---------- Data under study ----------

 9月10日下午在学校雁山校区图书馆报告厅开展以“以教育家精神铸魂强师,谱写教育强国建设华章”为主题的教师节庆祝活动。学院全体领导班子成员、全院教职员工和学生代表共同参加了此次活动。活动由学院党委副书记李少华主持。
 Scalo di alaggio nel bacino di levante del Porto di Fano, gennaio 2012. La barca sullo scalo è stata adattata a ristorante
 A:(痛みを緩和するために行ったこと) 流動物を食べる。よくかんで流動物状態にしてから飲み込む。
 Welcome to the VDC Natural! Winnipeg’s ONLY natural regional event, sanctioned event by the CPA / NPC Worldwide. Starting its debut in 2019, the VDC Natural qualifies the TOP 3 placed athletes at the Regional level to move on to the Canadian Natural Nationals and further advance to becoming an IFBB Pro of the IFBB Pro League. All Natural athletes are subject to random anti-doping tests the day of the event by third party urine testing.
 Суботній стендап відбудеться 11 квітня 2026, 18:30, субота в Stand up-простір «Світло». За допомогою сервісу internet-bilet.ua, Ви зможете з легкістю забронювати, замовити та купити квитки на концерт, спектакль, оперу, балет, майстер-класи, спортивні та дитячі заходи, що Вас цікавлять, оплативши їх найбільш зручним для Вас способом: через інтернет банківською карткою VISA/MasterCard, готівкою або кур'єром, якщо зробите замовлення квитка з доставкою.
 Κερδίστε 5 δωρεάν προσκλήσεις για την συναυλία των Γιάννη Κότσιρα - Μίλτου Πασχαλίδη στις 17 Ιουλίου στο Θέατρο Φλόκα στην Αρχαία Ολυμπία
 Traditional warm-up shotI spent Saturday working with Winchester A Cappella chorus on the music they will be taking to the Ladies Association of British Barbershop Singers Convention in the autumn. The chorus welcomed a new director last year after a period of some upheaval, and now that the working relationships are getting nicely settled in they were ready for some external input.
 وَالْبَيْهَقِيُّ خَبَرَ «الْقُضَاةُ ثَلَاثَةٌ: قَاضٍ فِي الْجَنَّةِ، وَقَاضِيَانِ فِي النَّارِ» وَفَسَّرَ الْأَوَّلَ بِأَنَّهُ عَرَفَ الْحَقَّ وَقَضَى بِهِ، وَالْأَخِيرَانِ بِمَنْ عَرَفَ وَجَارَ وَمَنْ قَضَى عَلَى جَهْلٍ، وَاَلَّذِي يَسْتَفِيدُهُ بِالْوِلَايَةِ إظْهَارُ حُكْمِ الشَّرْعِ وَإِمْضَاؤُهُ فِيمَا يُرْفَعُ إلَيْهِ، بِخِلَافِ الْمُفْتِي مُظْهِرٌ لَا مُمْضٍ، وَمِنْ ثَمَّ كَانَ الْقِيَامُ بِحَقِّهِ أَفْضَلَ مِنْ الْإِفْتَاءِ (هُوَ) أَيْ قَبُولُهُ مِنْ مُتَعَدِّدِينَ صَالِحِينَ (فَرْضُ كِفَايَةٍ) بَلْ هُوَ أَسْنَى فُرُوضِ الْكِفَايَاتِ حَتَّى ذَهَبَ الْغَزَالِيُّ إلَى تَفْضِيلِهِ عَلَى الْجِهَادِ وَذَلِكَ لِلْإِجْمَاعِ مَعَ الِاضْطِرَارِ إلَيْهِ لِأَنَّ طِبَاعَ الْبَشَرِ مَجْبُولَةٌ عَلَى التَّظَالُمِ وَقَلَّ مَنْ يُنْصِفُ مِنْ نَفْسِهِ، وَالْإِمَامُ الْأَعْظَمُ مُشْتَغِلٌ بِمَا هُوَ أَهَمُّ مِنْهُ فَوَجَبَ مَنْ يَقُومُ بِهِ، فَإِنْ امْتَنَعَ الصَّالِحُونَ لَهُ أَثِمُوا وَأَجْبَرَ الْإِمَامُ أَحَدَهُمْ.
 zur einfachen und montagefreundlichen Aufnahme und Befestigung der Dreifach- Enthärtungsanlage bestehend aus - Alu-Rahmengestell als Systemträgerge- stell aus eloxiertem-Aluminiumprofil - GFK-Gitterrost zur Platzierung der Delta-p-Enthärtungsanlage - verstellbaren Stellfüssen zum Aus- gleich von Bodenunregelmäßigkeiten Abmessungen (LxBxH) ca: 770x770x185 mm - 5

----------

At the line containing "وَأَجْبَرَ الْإِمَامُ أَحَدَهُمْ.", start copying. Continue exactly through the final line of the entries above and stop there.

 وَالْبَيْهَقِيُّ خَبَرَ «الْقُضَاةُ ثَلَاثَةٌ: قَاضٍ فِي الْجَنَّةِ، وَقَاضِيَانِ فِي النَّارِ» وَفَسَّرَ الْأَوَّلَ بِأَنَّهُ عَرَفَ الْحَقَّ وَقَضَى بِهِ، وَالْأَخِيرَانِ بِمَنْ عَرَفَ وَجَارَ وَمَنْ قَضَى عَلَى جَهْلٍ، وَاَلَّذِي يَسْتَفِيدُهُ بِالْوِلَايَةِ إظْهَارُ حُكْمِ الشَّرْعِ وَإِمْضَاؤُهُ فِيمَا يُرْفَعُ إلَيْهِ، بِخِلَافِ الْمُفْتِي مُظْهِرٌ لَا مُمْضٍ، وَمِنْ ثَمَّ كَانَ الْقِيَامُ بِحَقِّهِ أَفْضَلَ مِنْ الْإِفْتَاءِ (هُوَ) أَيْ قَبُولُهُ مِنْ مُتَعَدِّدِينَ صَالِحِينَ (فَرْضُ كِفَايَةٍ) بَلْ هُوَ أَسْنَى فُرُوضِ الْكِفَايَاتِ حَتَّى ذَهَبَ الْغَزَالِيُّ إلَى تَفْضِيلِهِ عَلَى الْجِهَادِ وَذَلِكَ لِلْإِجْمَاعِ مَعَ الِاضْطِرَارِ إلَيْهِ لِأَنَّ طِبَاعَ الْبَشَرِ مَجْبُولَةٌ عَلَى التَّظَالُمِ وَقَلَّ مَنْ يُنْصِفُ مِنْ نَفْسِهِ، وَالْإِمَامُ الْأَعْظَمُ مُشْتَغِلٌ بِمَا هُوَ أَهَمُّ مِنْهُ فَوَجَبَ مَنْ يَقُومُ بِهِ، فَإِنْ امْتَنَعَ الصَّالِحُونَ لَهُ أَثِمُوا وَأَجْبَرَ الْإِمَامُ أَحَدَهُمْ.
 zur einfachen und montagefreundlichen Aufnahme und Befestigung der Dreifach- Enthärtungsanlage bestehend aus - Alu-Rahmengestell als Systemträgerge- stell aus eloxiertem-Aluminiumprofil - GFK-Gitterrost zur Platzierung der Delta-p-Enthärtungsanlage - verstellbaren Stellfüssen zum Aus- gleich von Bodenunregelmäßigkeiten Abmessungen (LxBxH) ca: 770x770x185 mm - 5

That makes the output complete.